> [Requirement] The records are set out below this line. Return exactly the lines from the one containing "Акустическая система JBL" through the last, and exclude the pictures.

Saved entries
▬▬▬▬▬▬▬▬▬▬

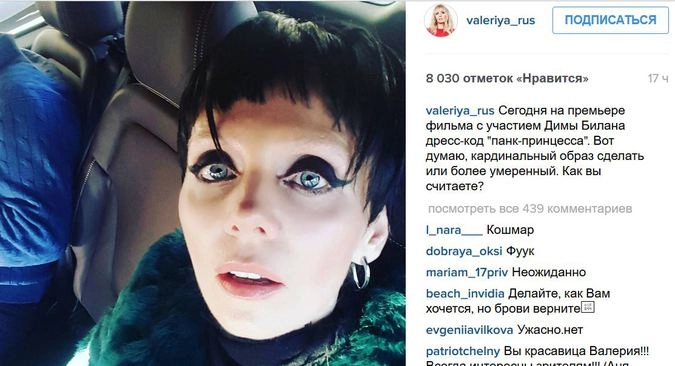 Певица Валерия ассоциируется у поклонников с трепетной блондинкой, этакой куклой Барби. Видимо, этот образ утомил звезду, поскольку на премьеру фильма «Герой», главную роль в котором сыграл Дима Билан, она пришла в неожиданном образе, кардинально отличающемся от привычного. В Instagram Валерия выложила фото в новом образе: короткие черные волосы, густо подведенные черным же глаза, высветленные брови и шуба едкого зеленого цвета.
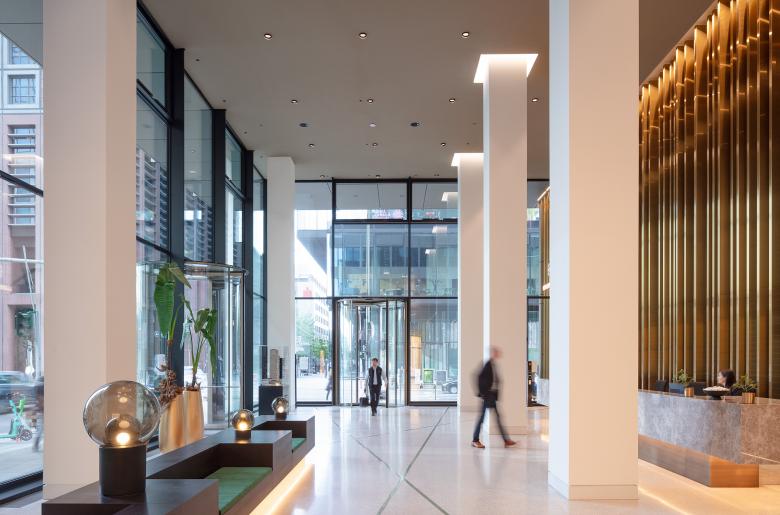 Um den Global Tower mit einer deutlicheren Geste in den Stadtraum zu öffnen, verlegen wir den Eingang an die Gebäudeecke, ergänzen eine öffentliche Nutzung und gestalten das Foyer zweigeschossig. Das Auditorium des prominenten Nachbargebäudes von Norman Foster wird mitgenutzt – der Global Tower sucht den Dialog mit der Umgebung. An der langen Flanke bleibt ausreichend Platz für Ein- und Ausfahrt der in den Bestand eingefügten Tiefgarage. Die Bürogeschosse der Etagen 5 bis 14 lassen sich entsprechend der Nutzerwüsche um den zentralen Kern an der Schnittstelle der beiden Hochhausscheiben organisieren. Vom Einzelbüro bis Großraum und Open Plan sind alle Spielarten des New Work bereits mitgedacht. Eine Herausforderung stellt die Sanierung der denkmalgeschützten Fassade dar, die wir in Zusammenarbeit mit Werner Sobek technisch überarbeitet und zukunftsfit gemacht haben, ohne dabei die charakteristische Ansicht im schlicht-eleganten Duktus der 1970er Jahre zu überschreiben.
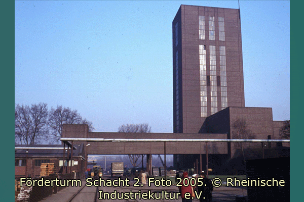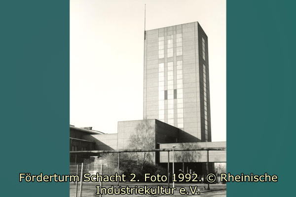 Der Förderturm von 1950 wurde 1964 von Bochum nach Essen umgesetzt. Es ist ein typischer Vertreter der von Fritz Schupp nach dem Zweiten Weltkrieg entstandenen Fördertürme in Stahlfachwerkbauweise. Zudem überliefert der Turm einen der Gründungsschächte der Zeche Zollverein.
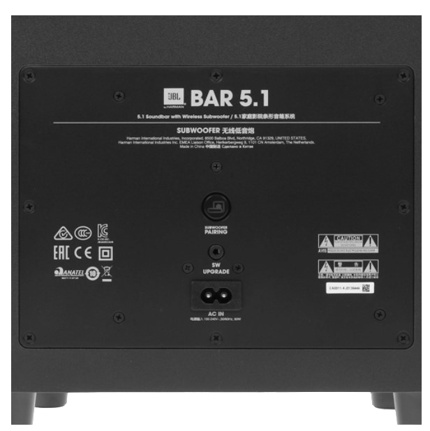 Акустическая система JBL Bar 5.1 изготавливается с компактными габаритами. Подразумевает установку на слоты и тумбы. Имеет корпус из практичного пластикового полимера. Окрашивается матовой черной краской. Предусмотрено подключение по беспроводной сети Bluetooth. Обладает нескольким цифровыми интерфейсами типа HDMI. Предельный уровень выходной мощности составляет 510 Вт.
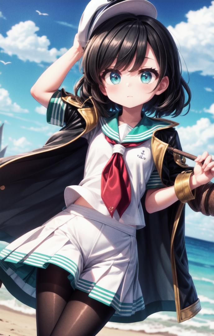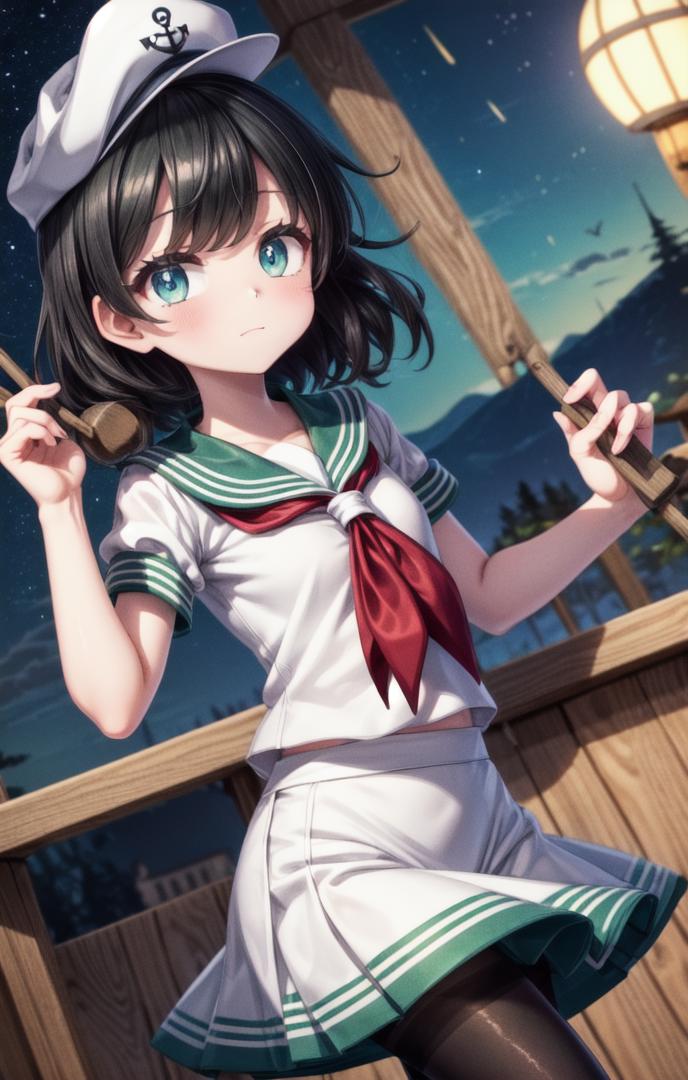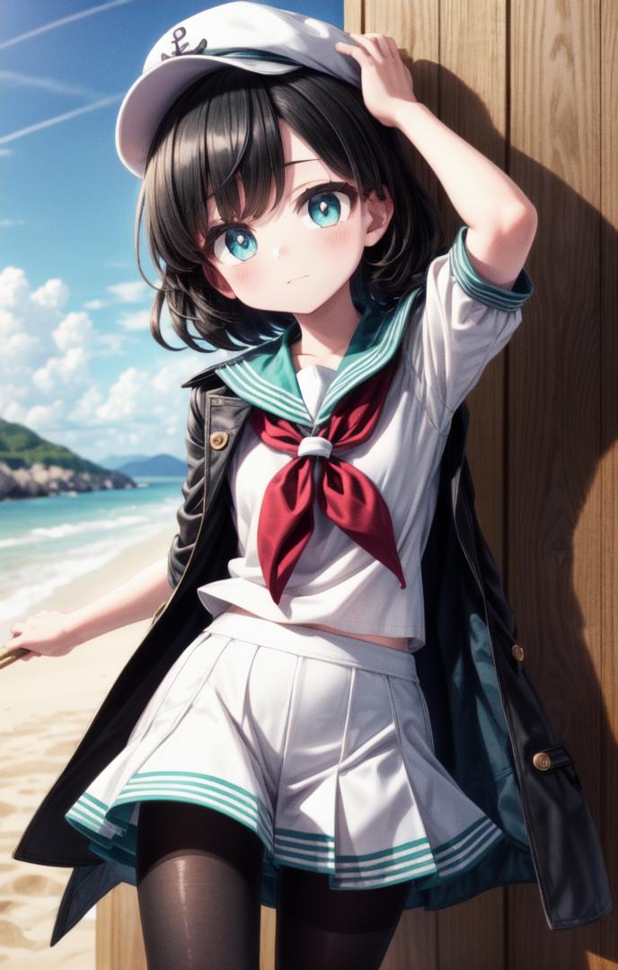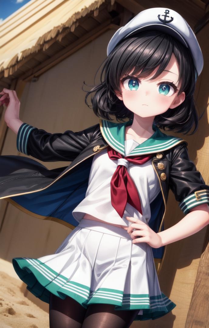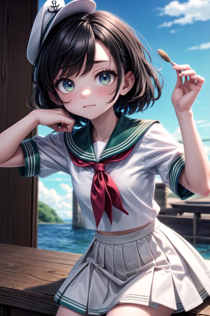 1girl,hat,sailor,gren eyes,short hair,black hair,sailor collar,white shirt,white skirt,

▬▬▬▬▬▬▬▬▬▬

> [Answer]
 Акустическая система JBL Bar 5.1 изготавливается с компактными габаритами. Подразумевает установку на слоты и тумбы. Имеет корпус из практичного пластикового полимера. Окрашивается матовой черной краской. Предусмотрено подключение по беспроводной сети Bluetooth. Обладает нескольким цифровыми интерфейсами типа HDMI. Предельный уровень выходной мощности составляет 510 Вт.
 1girl,hat,sailor,gren eyes,short hair,black hair,sailor collar,white shirt,white skirt,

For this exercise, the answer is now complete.